Bin gestern auf der Ärzte-Party gewesen. War eine herbe Enttäuschung. Die Musik war gut, aber die Leute waren schlimm.
Tauchen doch tatsächlich plötzlich 6 oder 7 Glatzen auf - also, um Missverständnissen vorzubeugen, die Art von Glatzen mit Springerstiefeln und recht verdrehten politischen Anschauungen. Zwei mit Freundin - beide Marke blond, kurzhaarig bis auf einen langen Pony. Die Art von Menschen, die mir Dolche in die Augen treiben. Wie, um alles in der Welt, können solche Gestalten auf einer DÄ-Party aufkreuzen? Und das in einem Berliner Bezirk, der bekannt ist für seine linke Szene und in einem Club, bei dem an der Tür einige Nazi-feindliche Sprüche ala "Naziklamotten hier bitte ausziehen" stehen. Als ich hinein ging, amüsierte ich mich noch darüber; das genau an diesem Ort trotz allem so ein paar beschissene Faschos aufkreuzen, war wie ein Faustschlag. Um das klarzustellen: Ich mache den Türstehern keinen Vorwurf. Dass sie die Leute reingelassen haben, ist ok. Andererseits wäre es in meinen Augen sogar falsch gewesen: Sie hätten sich auf das Niveau genau dieser Leute herab begeben und Menschen aufgrund ihres Aussehens benachteiligt.Was sie wollten, war von Anfang an klar: Stören der Party. Sich mitten auf die Tanzfläche gestellt, so dass man sich in einem Großteil des Raumes nicht mehr frei bewegen konnte. Später artete es in einem Wir-sind-stärker-als-ihr-Getue aus, indem sie sich quer durch den Raum gewalzt hatten und Schneisen schlugen. Das war kein Pogo, das war einfach nur Stressmacherei.

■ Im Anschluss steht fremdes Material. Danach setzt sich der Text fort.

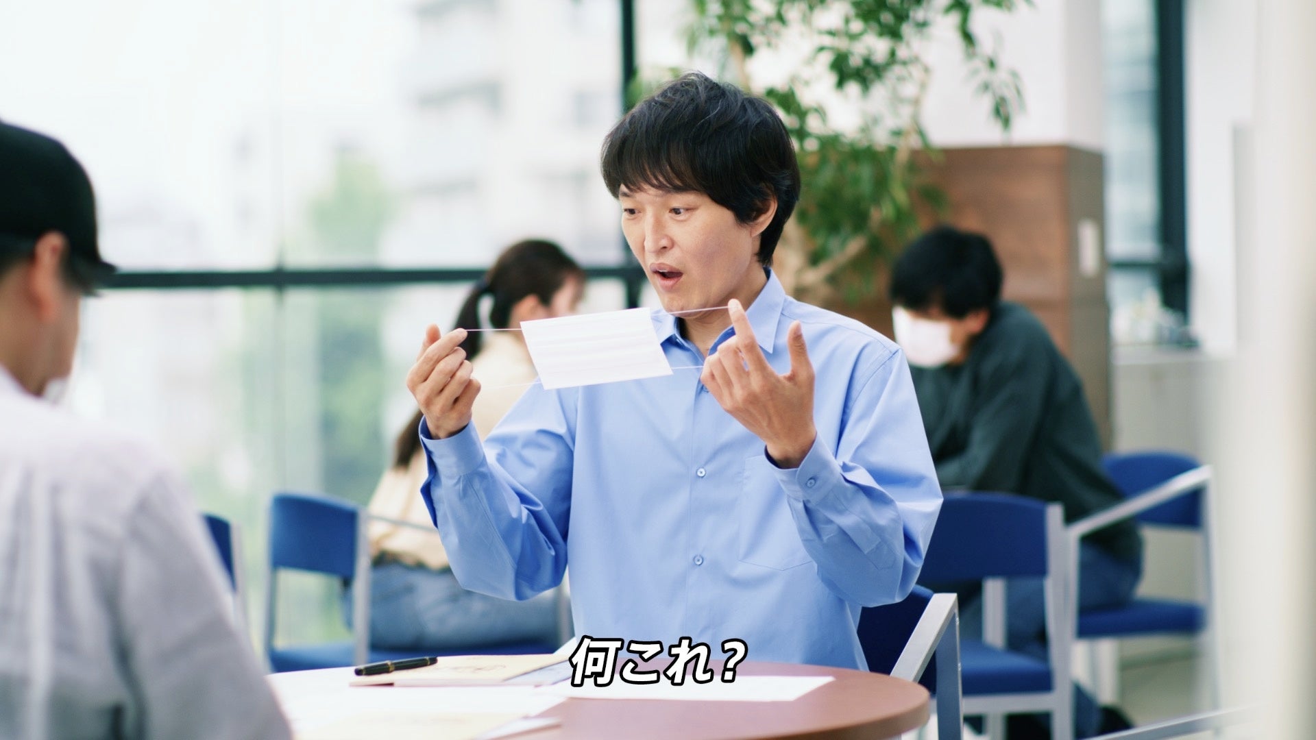 テレビ局の打ち合わせスペースで、打ち合わせの合間にスタッフと話をしている千原ジュニアさん。スタッフから「ふわるんNマスク」を渡された千原ジュニアさんは、「何これ?」と興味津々の様子を見せます。手に取ったマスクの耳ゴムを引っ張った千原ジュニアさんは、体温で伸びる不思議な耳ゴムにびっくり。驚きの表情を浮かべます。さらにそのゴムを耳にかけた千原ジュニアさんは、驚きのあまり思わず大きく目を見開いて立ち上がると、「メチャメチャええ~」と叫び、「着けてる気ぃせえへん!」と恍惚の表情を見せます。終わりには、「試したら感動やで!」と笑顔を見せ、「ふわるんNマスク」のつけ心地の良さをアピールしています。

Das wirklich Heftigste war jedoch, dass die anderen Leute die Glatzen gewähren ließen. Keiner rührte einen Finger. Anfangs dachte man noch, dass die Faschos einfach ignoriert wurden und es auch funktionierte. Aber nicht lange. Die Kunden stressten weiter. Und wieder tat keiner was. Als dann - wie es sich für eine Ärzteparty gehört - "Ein Sommer nur für mich" und "Schrei nach Liebe" gespielt wurde, schrien alle aus Leibeskräften den Text mit. Man sollte meinen, dass das ein Anstoß gewesen sein sollte. Dass sich die Leute endlich einfach mal zusammenschließen und die Nazis einfach aus dem Club werfen würden. Nichts war. Gar nichts!
Auf DÄ-Konzerten werden in dem Fall "Nazis raus!"-Rufe laut und Farin pflegt dann immer zu sagen: "Hey, es ist leicht in einer Gruppe von 10000 Antifaschisten 'Nazis raus' zu brüllen, aber bitte sagt das nicht einfach nur so, sondern geigt dem nächsten Fascho, den ihr trefft auch eure Meinung!" Jubel. Immer. Man meint in solchen Momenten, dass diese Aussage was gebracht hat.
Wie man gestern gesehen hat, tat es das nicht. Im Gegenteil. Der Höhepunkt war, als die Faschos am Ende mit einigen Leuten zusammen feierten und einige Leute mit ihnen Arm in Arm sprangen und tanzen. Was zur Hölle ging in ihnen vor - Leute, die vorhin noch inbrüstig gegen Nazis sangen. Mir wurde schlecht. Ich hatte schlechte Laune und bin gegangen. Scheiß Abend.
Ein Lichtblick gab es: Ich war mit meinem Freund Torsten da. Bei einem Pogo landete so eine Glatze auf dem Boden. Reflexartig wollte er den Gefallenen hochheben, wie das in einem richtig sauberen Pogo üblich ist. Als er jedoch merkte - bereits halb gebückt - wer vor ihm liegt, ist er schnell mal eben einen Schritt zur Seite gegangen und hatte ihn liegenlassen. Hat leider keiner mitbekommen. Dem Fascho wurde sofort von zwei anderen Typen hochgeholfen. Aber trotzdem: Danke Torsten, für ein klares Zeichen.
Für mehr Zeichen dieser Art! Leute, tut endlich was gegen die Seuche! Hört auf, nur leere Reden zu schwingen! Handelt auch! Bitte keine Gewalt, aber steht geschlossen gegen Nazis. Zeigt ihnen: "Hier kommt ihr nicht weiter, ihr seid hier nicht erwünscht."